# Rivet type mapping contract
This document describes how Rivet maps source column types to logical
[`RivetType`](../src/types/rivet_type.rs) values and Arrow/Parquet/CSV
representations. It is aligned with the automated suite in
[`tests/type_roundtrip/`](../tests/type_roundtrip/) and
[`tests/live_type_golden.rs`](../tests/live_type_golden.rs).
## Guarantees (v0.7.8)
- **DECIMAL / NUMERIC** are never silently converted to float. They export as
Arrow `Decimal128` / `Decimal256` in Parquet when precision and scale are known
(column override, catalog hint, or PostgreSQL wire metadata).
- **Binary** (`BYTEA`, `BLOB`, `BINARY`/`VARBINARY` with charset 63) stays
Arrow `Binary` in Parquet.
- **JSON / JSONB** is valid JSON text in the file, paired with the Arrow
`arrow.json` canonical extension type so parquet-rs emits native
`LogicalType::Json` in the Parquet footer. The Rivet field metadata
(`rivet.logical_type=json`) stays for Rivet-aware consumers.

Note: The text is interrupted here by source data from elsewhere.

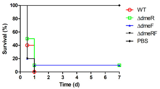 2.6. The DmeRF System Is Not Required for V. parahaemolyticus Virulence in Mice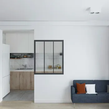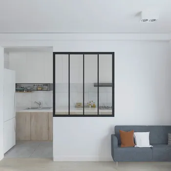 Schulte vous propose des verrières fixes. C’est le modèle le plus simple et le plus répandu qui ne dispose d’aucune partie mobile. Il est utilisé pour séparer deux espaces. Il convient parfaitement pour les cuisines ouvertes sur un salon ou une salle à manger, permettant ainsi de délimiter les zones sans perdre en convivialité.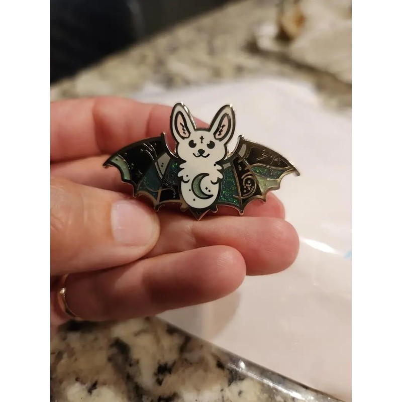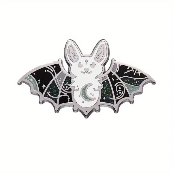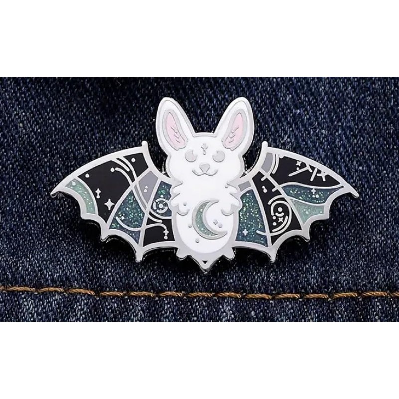 Cute Bat Silver and Green Moon Enamel Pin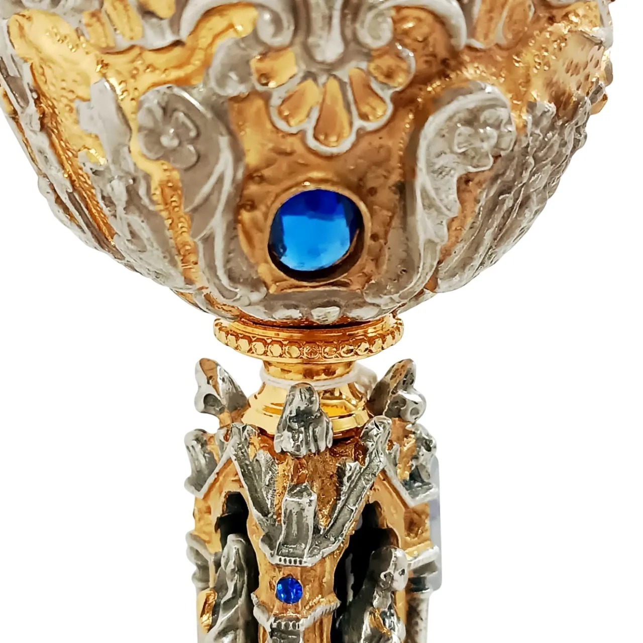 Cálice Italiano Imaculada Conceição – Banhado a Ouro 24k e Prata Envelhecida (33 cm)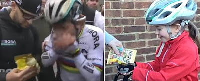 Ruby imitou o gesto de Sagan e o ciclista reagiu ao vídeo da criança britânica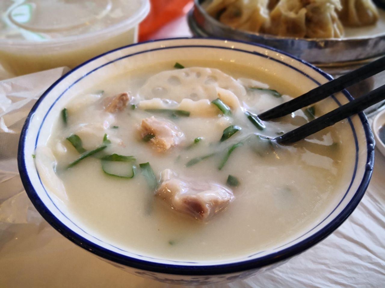 每喝一口头脑,就有一股“暖意”顺着食道蔓延至全身,细细回味,淡淡的黄酒酒香,似药非药,口感饱满甘甜,再拌上咸淡适中的腌韭菜,厚重感十足,尝一口羊肉,品一块山药,食一片莲藕,当回味无穷。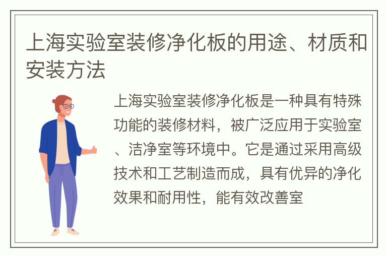 上海实验室装修净化板是一种具有特殊功能的装修材料,被广泛应用于实验室、洁净室等环境中。它是通过采用高级技术和工艺制造而成,具有优异的净化效果和耐用性,能有效改善室......【点击详情】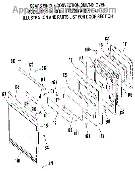 Parts for Kenmore 911.4703990 (9114703990, 911 4703990): Door Section Parts
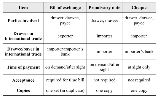 All of the three are negotiable instruments that can be used for settling international transactions,although promissory notes and cheques are used only in limited regions or countries.Both a bill of exchange and a cheque are orders of payment while a promissory note is a promise of payment.A cheque is a special form of bill of exchange in that its drawee/payer is a bank.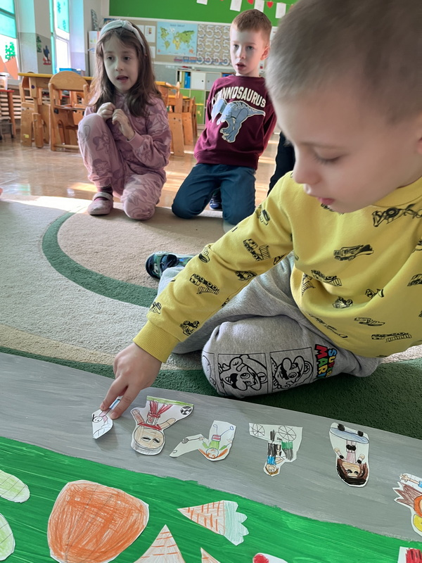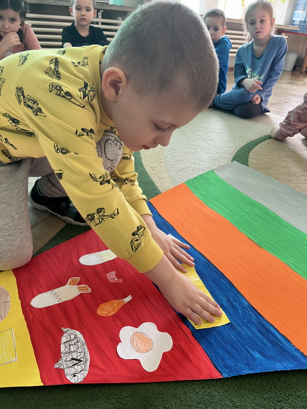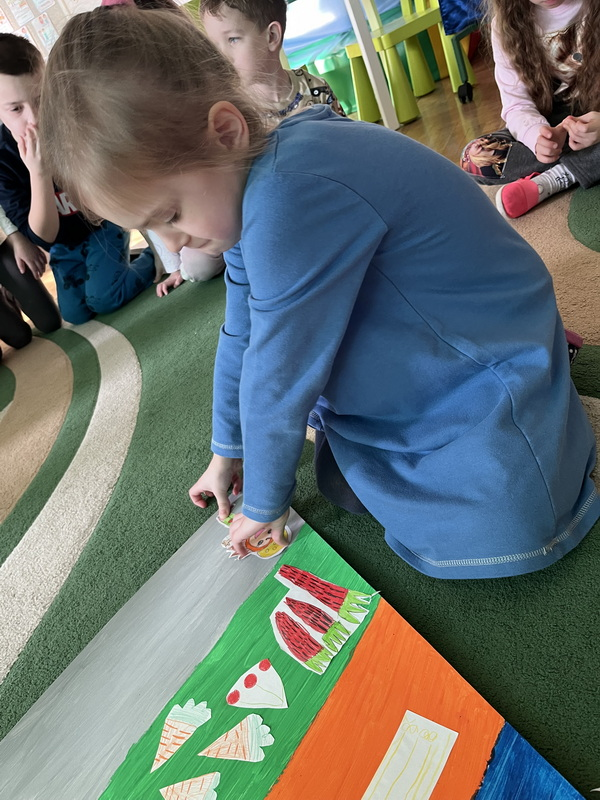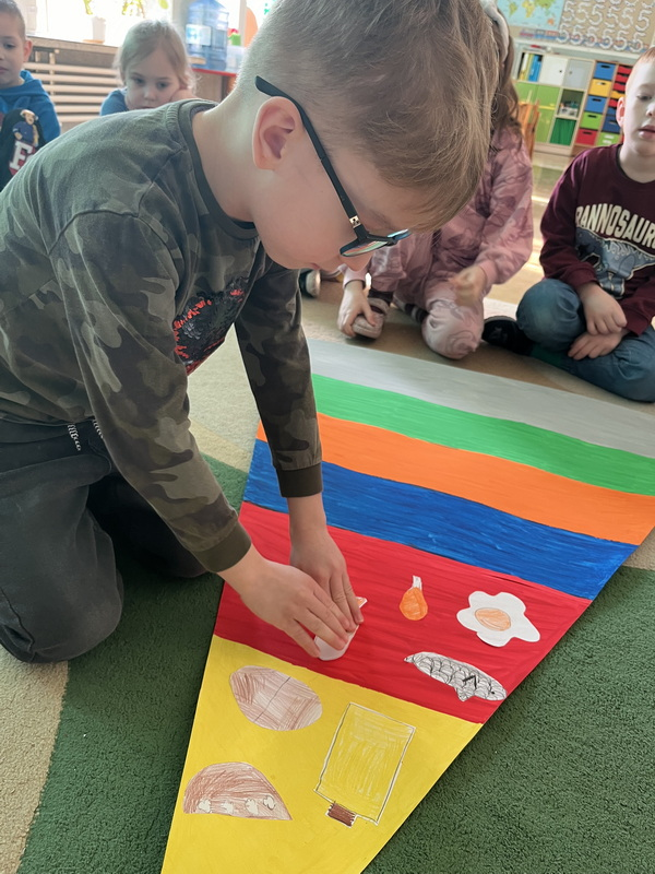 16.02.2024 - Grupa zielona i "Starszaki samodzielnie stworzyły piramidę zdrowego żywienia" Opublikowano: 16 luty 2024 Grupa Zielona (2023-2024)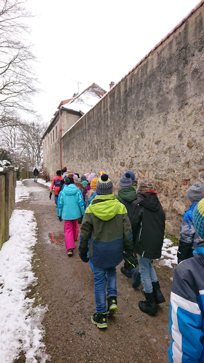 Auf dem Rückweg kamen wir am Ballenhaus vorbei, das damals als Waren- und Lagerhaus diente. Auf dem Polizeidienerturm durften dann alle mutigen Kinder "Hus us" aus dem Fenster in die Stadt rufen. Im Mittelalter schrie der Türmer seiner Zeit immer abends aus dem Fenster, um die Menschen ans Löschen ihres Herdfeuers zu erinnern. Zum Abschluss spazierten wir noch außen an der Stadtmauer entlang und gelangten durchs heutige Frauentor wieder in die Stadt.

- **UUID** exports as canonical 16-byte `FixedSizeBinary(16)` paired with the
Arrow `arrow.uuid` canonical extension; parquet-rs emits native
`LogicalType::Uuid`. Downstream Parquet readers (DuckDB, ClickHouse 25.x+,
pyarrow, BigQuery autodetect) recover the UUID type without a cast.
- **Timestamps**: `TIMESTAMPTZ` and MySQL `TIMESTAMP` use UTC semantics
(`timezone: Some("UTC")`); naive `TIMESTAMP` / `DATETIME` have no timezone.
- **Nullability** is preserved in Arrow schema and export.
### What `rivet init` auto-detects (and what needs an override)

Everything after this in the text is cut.